What to work on ▸
Only an exact copy is wanted: the lines from the one holding "零跑D19这次一共推了7款车" through the last line below, minus the pictures.

Available data ▸
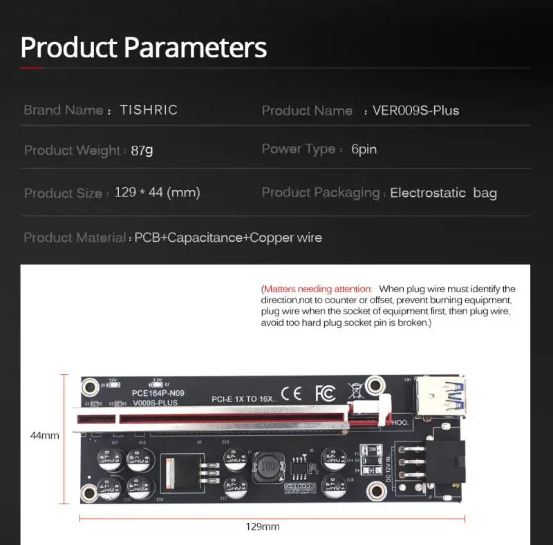 При заказе 1-10 штук VER009S плюс PCI E PCIE Riser 009s плюс стояк X16 6Pin USB3.0 кабель майнинга биткоинов Майнер Графика расширитель Riser карта
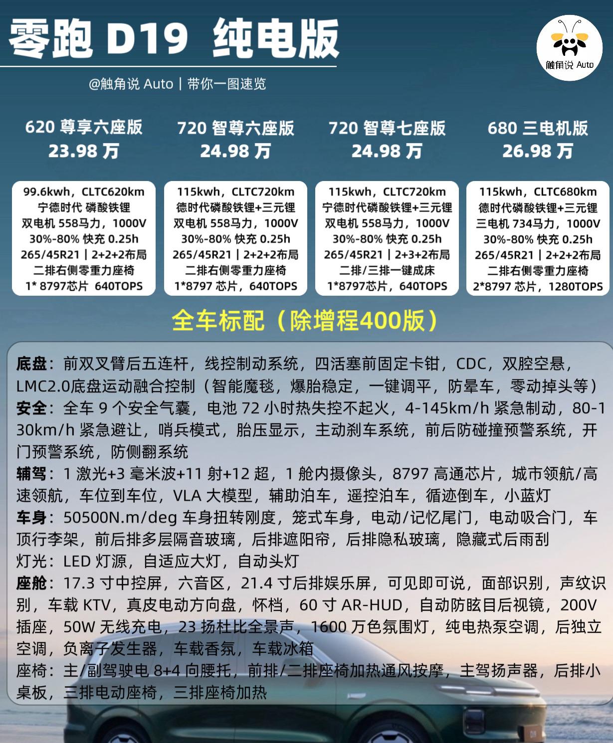 零跑D19这次一共推了7款车型,增程版3款,21.98万到23.98万;纯电版4款,23.98万到26.98万。什么概念?理想L8现在卖33万起步,问界M7也要25万往上,尺寸还都比D19小一圈。
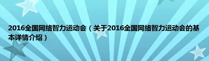 本文关于2016全国网络智力运动会的基本详情介绍就讲解完毕,希望对大家有所帮助。
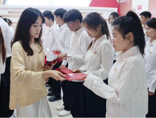 活动现场,全体党员高举右拳,在鲜红党旗前,跟随领誓人齐声宣读入党誓词。铿锵有力的誓言回荡,不仅是对入党初心的深情回望,更是对新时代使命的郑重承诺。第三学生党支部宣传委员宋言昕为党员们送上精心准备的政治生日卡,卡片上入党誓词与党组织的祝福期望,承载着组织关怀,时刻提醒党员牢记身份、践行使命。
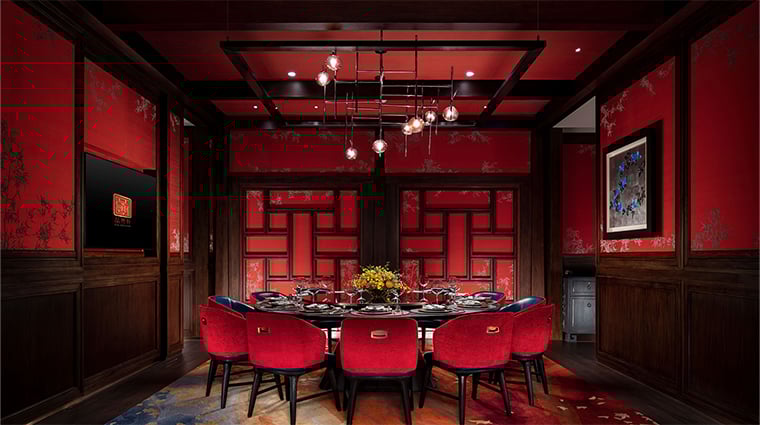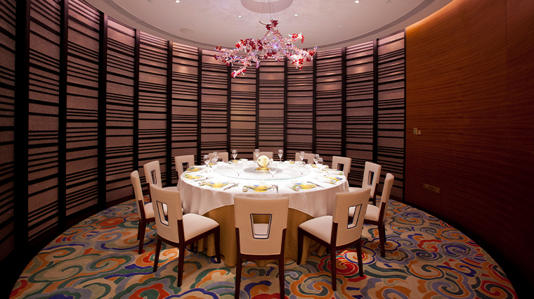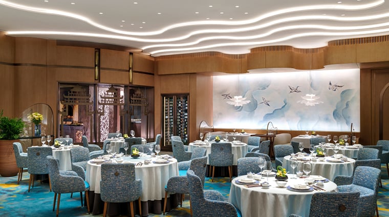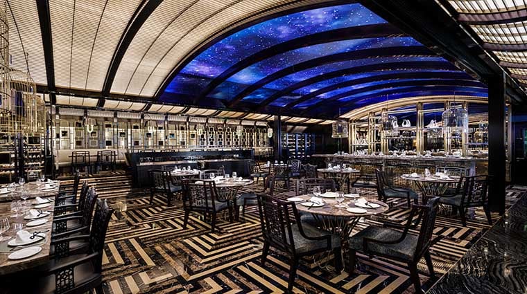 Beneath ceilings alive with 17th-century Chinoiserie motifs designed by Alan Chan, executive chef Ken Chong presents Cantonese haute cuisine rooted in imperial tradition. His crystal tiger prawn arrives with 52-month-aged Iberico ham and quarter-century balsamic, while five private dining rooms—each a distinct artwork—accommodate intimate gatherings. The adjacent Li Bai Bar projects digital landscapes of Macau across its walls, extending the theatrical experience.

Reply to the task ▸
 零跑D19这次一共推了7款车型,增程版3款,21.98万到23.98万;纯电版4款,23.98万到26.98万。什么概念?理想L8现在卖33万起步,问界M7也要25万往上,尺寸还都比D19小一圈。
 本文关于2016全国网络智力运动会的基本详情介绍就讲解完毕,希望对大家有所帮助。
 活动现场,全体党员高举右拳,在鲜红党旗前,跟随领誓人齐声宣读入党誓词。铿锵有力的誓言回荡,不仅是对入党初心的深情回望,更是对新时代使命的郑重承诺。第三学生党支部宣传委员宋言昕为党员们送上精心准备的政治生日卡,卡片上入党誓词与党组织的祝福期望,承载着组织关怀,时刻提醒党员牢记身份、践行使命。
 Beneath ceilings alive with 17th-century Chinoiserie motifs designed by Alan Chan, executive chef Ken Chong presents Cantonese haute cuisine rooted in imperial tradition. His crystal tiger prawn arrives with 52-month-aged Iberico ham and quarter-century balsamic, while five private dining rooms—each a distinct artwork—accommodate intimate gatherings. The adjacent Li Bai Bar projects digital landscapes of Macau across its walls, extending the theatrical experience.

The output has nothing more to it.